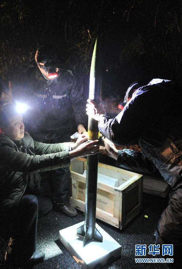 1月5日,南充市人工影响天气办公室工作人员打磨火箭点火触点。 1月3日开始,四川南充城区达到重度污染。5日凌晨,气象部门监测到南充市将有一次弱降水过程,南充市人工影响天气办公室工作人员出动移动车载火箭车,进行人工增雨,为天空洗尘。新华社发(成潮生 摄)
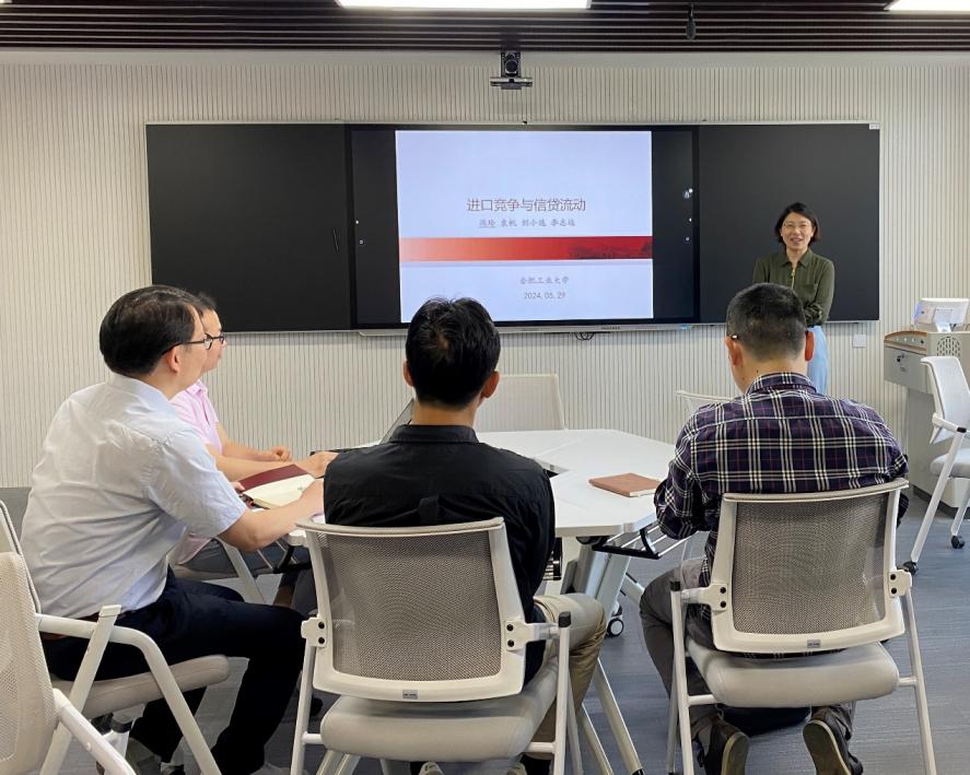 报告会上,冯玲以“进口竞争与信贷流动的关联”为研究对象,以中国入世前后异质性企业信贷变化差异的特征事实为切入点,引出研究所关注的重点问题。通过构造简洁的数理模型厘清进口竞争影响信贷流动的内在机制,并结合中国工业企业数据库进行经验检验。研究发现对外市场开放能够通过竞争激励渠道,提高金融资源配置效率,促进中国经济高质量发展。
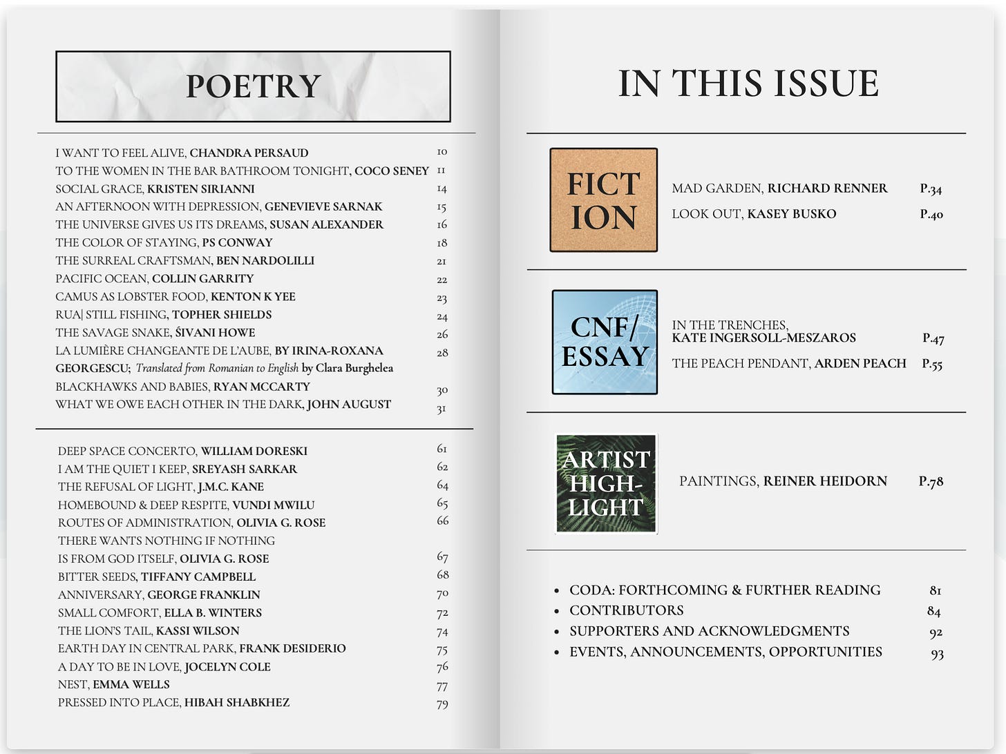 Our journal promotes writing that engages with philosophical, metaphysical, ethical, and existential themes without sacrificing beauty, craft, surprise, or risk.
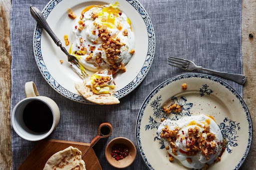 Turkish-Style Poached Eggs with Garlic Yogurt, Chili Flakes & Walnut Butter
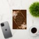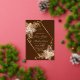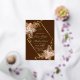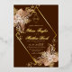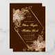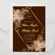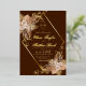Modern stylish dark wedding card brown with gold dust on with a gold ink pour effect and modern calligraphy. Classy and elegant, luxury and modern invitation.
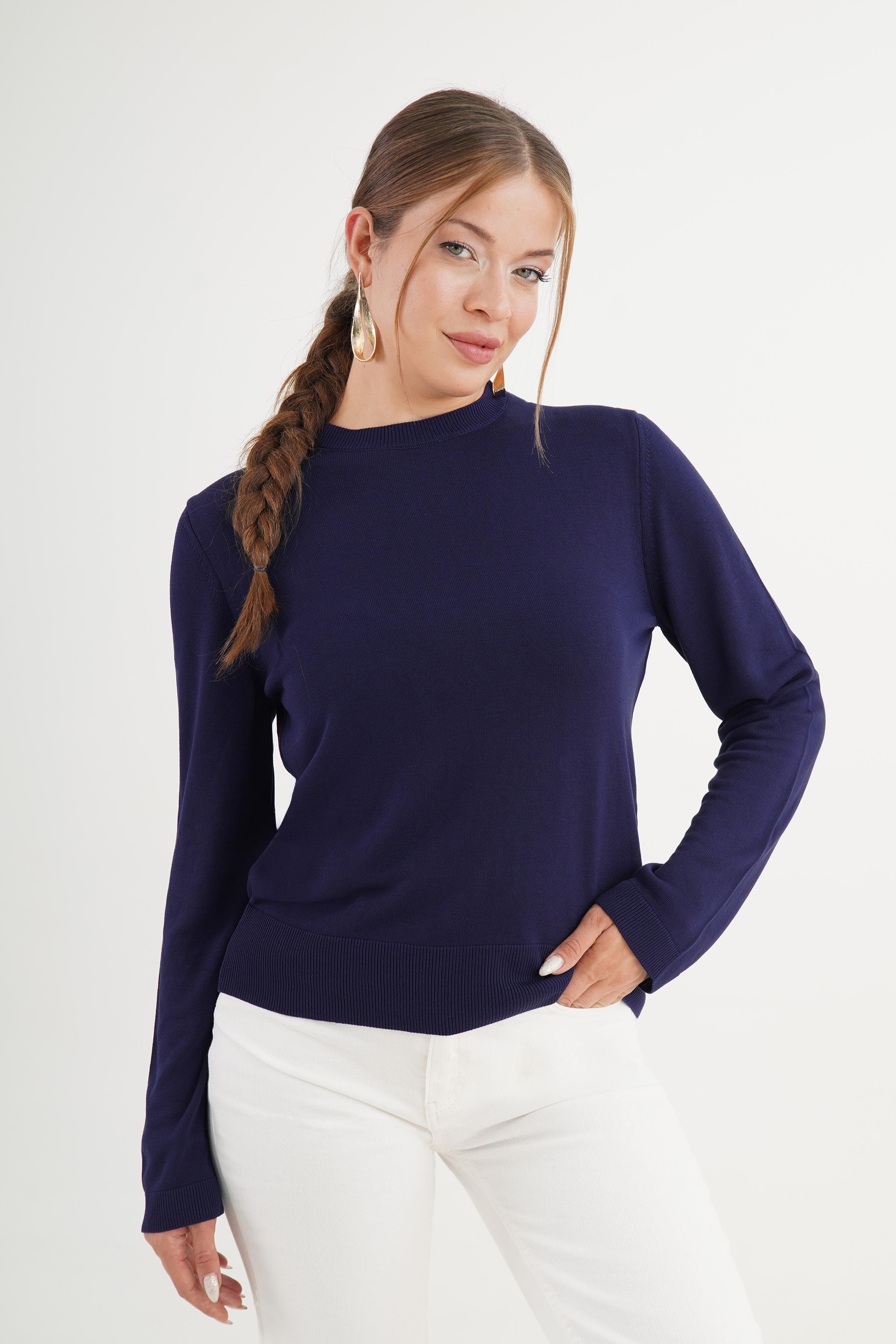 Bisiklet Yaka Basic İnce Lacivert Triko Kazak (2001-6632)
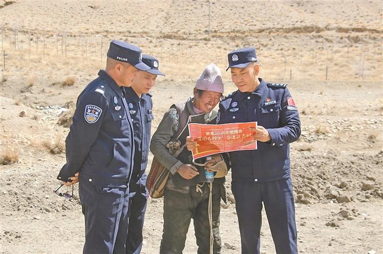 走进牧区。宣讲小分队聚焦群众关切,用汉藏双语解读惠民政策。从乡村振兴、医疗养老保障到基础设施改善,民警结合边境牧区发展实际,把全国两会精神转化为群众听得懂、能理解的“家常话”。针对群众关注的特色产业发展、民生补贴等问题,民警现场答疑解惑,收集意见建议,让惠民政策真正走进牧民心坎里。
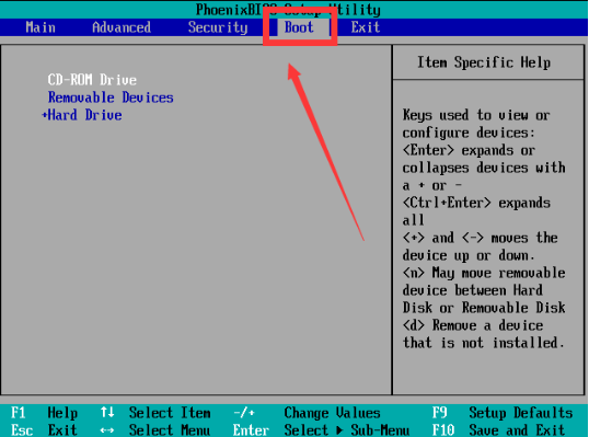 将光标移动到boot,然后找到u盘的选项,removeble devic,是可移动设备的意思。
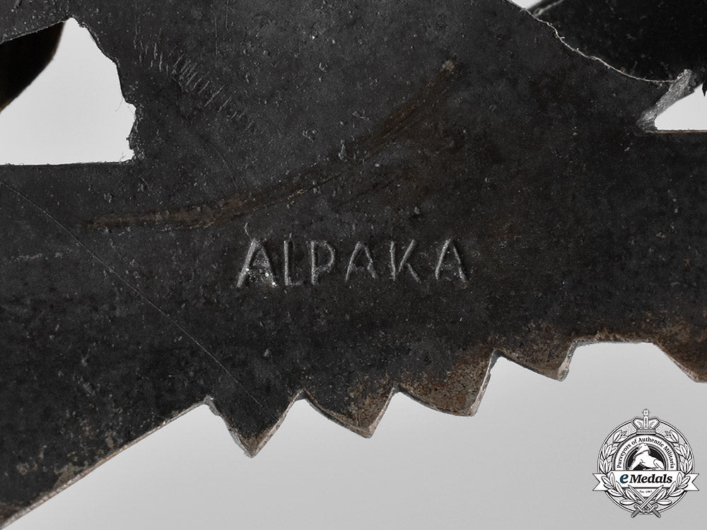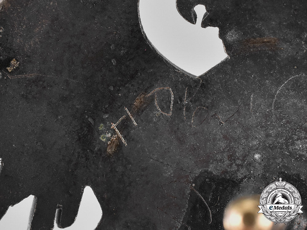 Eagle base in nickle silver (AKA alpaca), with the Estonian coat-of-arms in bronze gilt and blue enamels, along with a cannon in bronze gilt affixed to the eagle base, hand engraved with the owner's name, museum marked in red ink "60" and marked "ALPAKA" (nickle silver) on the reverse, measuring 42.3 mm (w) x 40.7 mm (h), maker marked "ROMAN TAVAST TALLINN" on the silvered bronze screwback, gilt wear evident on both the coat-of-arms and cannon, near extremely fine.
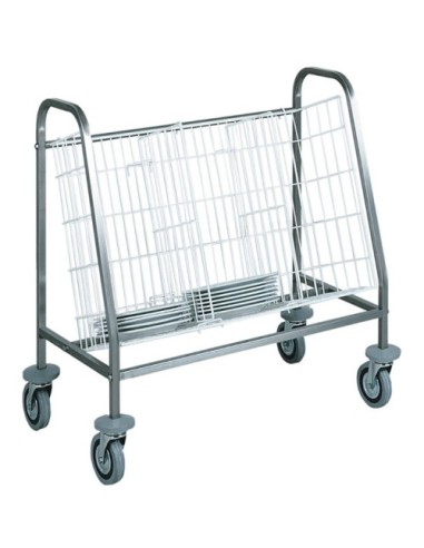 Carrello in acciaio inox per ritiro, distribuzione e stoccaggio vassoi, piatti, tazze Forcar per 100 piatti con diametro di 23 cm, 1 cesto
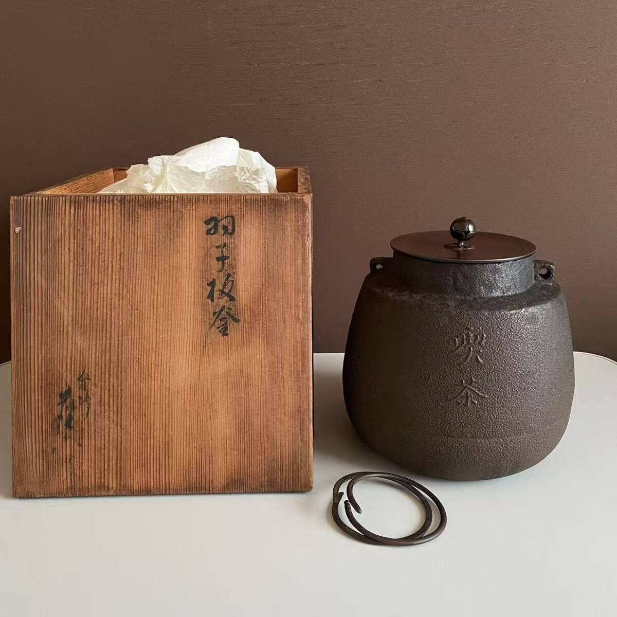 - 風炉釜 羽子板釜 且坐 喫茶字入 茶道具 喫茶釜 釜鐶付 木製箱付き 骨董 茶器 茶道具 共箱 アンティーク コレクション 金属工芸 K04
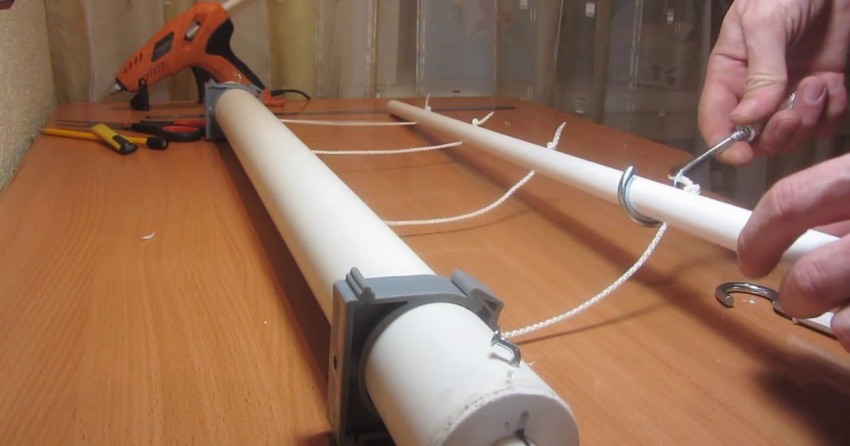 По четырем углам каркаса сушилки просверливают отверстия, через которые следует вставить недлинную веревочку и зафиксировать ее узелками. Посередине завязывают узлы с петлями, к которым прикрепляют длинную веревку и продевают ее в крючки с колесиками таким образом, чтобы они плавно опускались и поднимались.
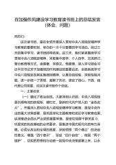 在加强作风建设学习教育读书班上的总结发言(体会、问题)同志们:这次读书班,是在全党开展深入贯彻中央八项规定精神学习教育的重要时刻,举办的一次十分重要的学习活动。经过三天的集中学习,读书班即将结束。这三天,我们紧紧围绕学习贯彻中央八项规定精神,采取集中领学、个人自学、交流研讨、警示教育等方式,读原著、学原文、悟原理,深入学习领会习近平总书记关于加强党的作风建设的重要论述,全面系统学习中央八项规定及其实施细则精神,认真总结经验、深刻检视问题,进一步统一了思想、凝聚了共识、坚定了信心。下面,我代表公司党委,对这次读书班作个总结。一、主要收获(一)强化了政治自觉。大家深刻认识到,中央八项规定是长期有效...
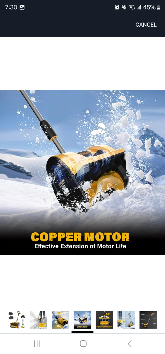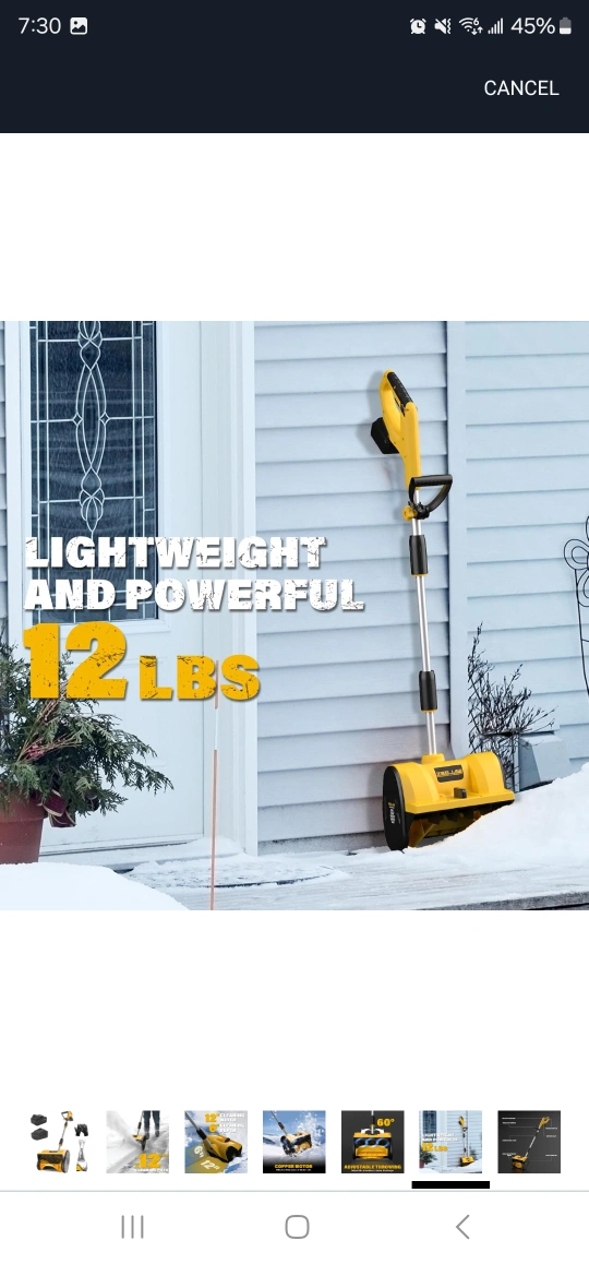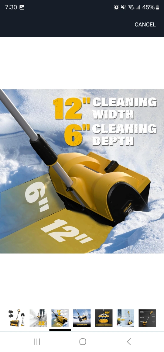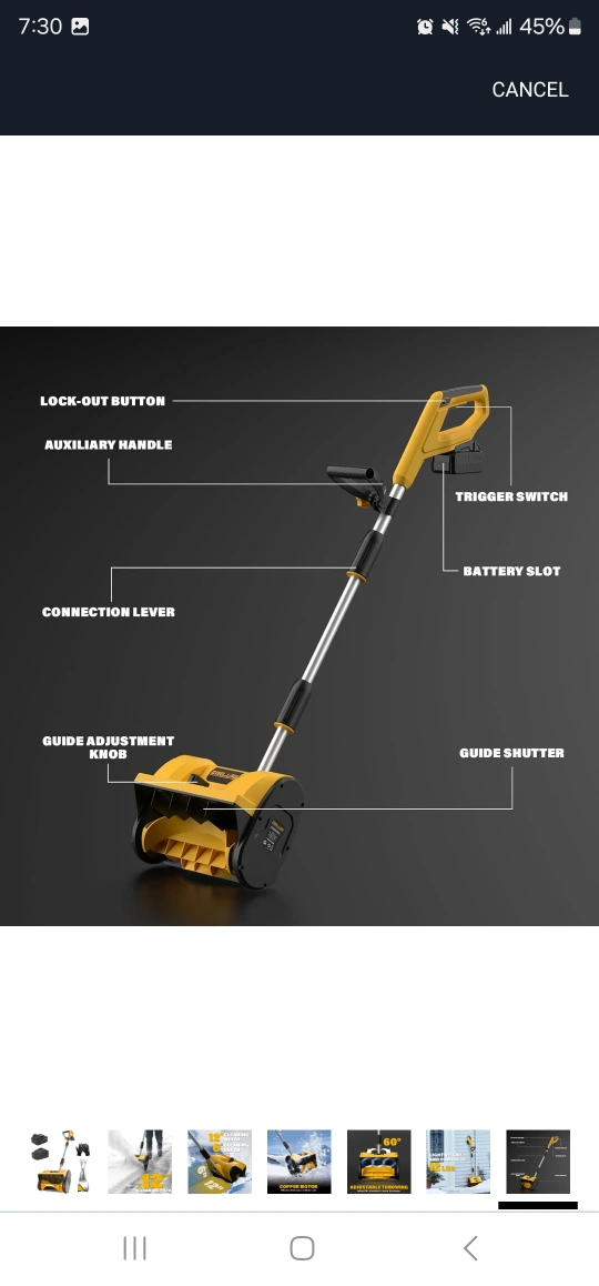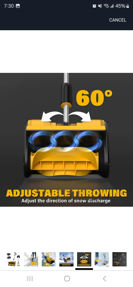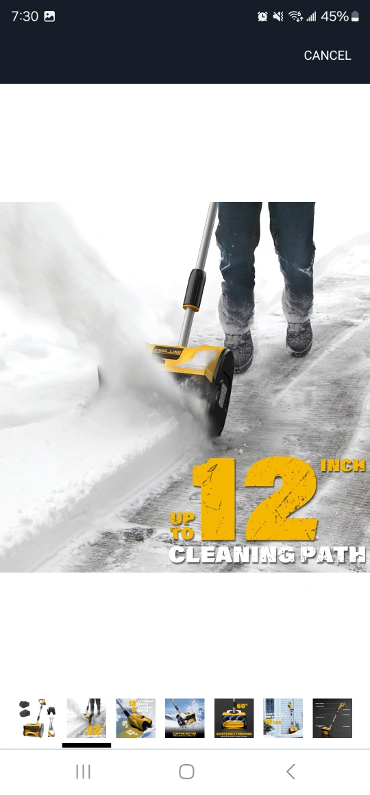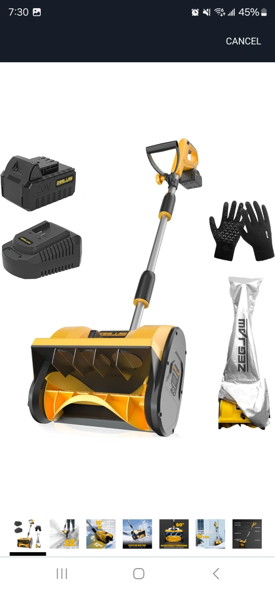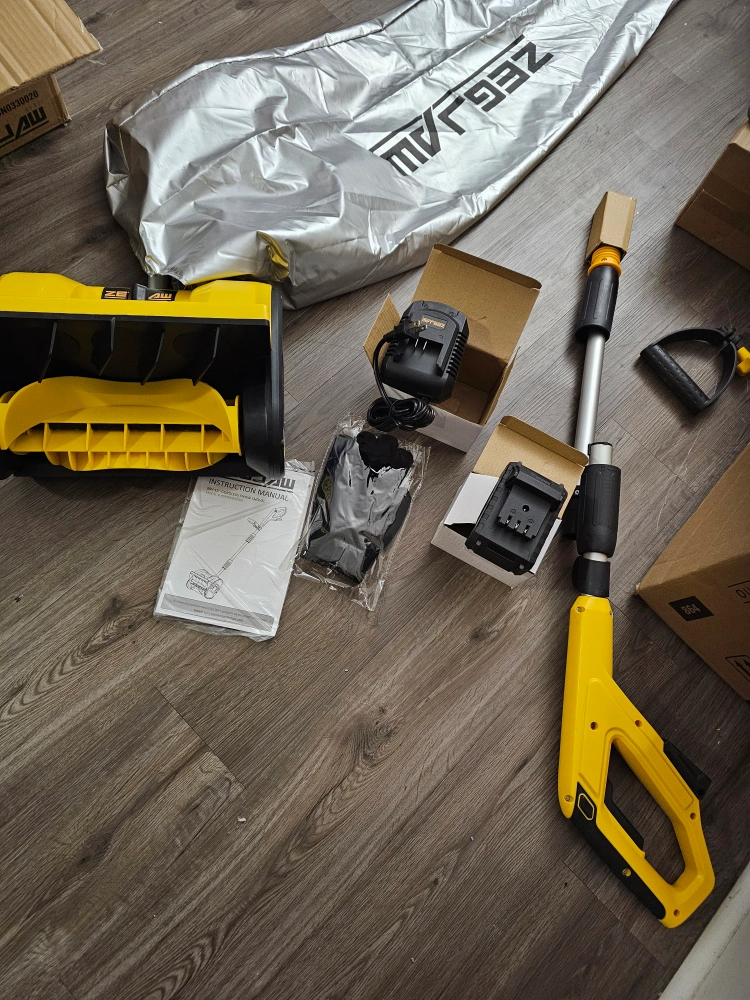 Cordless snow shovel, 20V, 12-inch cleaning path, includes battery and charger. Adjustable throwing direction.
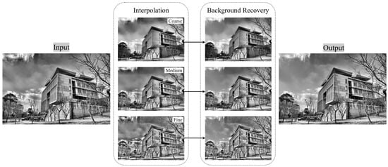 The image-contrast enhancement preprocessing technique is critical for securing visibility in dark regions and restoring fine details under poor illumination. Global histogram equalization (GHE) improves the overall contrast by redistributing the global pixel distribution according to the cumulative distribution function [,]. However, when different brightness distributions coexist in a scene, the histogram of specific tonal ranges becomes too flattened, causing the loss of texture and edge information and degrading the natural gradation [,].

**WORK REQUIRED**
Output exactly, and only, the lines of the entries above from the one with "Bisiklet Yaka Basic" up to and including the one with "将光标移动到boot,然后找"; pictures are to be left out.

**TASK ANSWER**
 Bisiklet Yaka Basic İnce Lacivert Triko Kazak (2001-6632)
 走进牧区。宣讲小分队聚焦群众关切,用汉藏双语解读惠民政策。从乡村振兴、医疗养老保障到基础设施改善,民警结合边境牧区发展实际,把全国两会精神转化为群众听得懂、能理解的“家常话”。针对群众关注的特色产业发展、民生补贴等问题,民警现场答疑解惑,收集意见建议,让惠民政策真正走进牧民心坎里。
 将光标移动到boot,然后找到u盘的选项,removeble devic,是可移动设备的意思。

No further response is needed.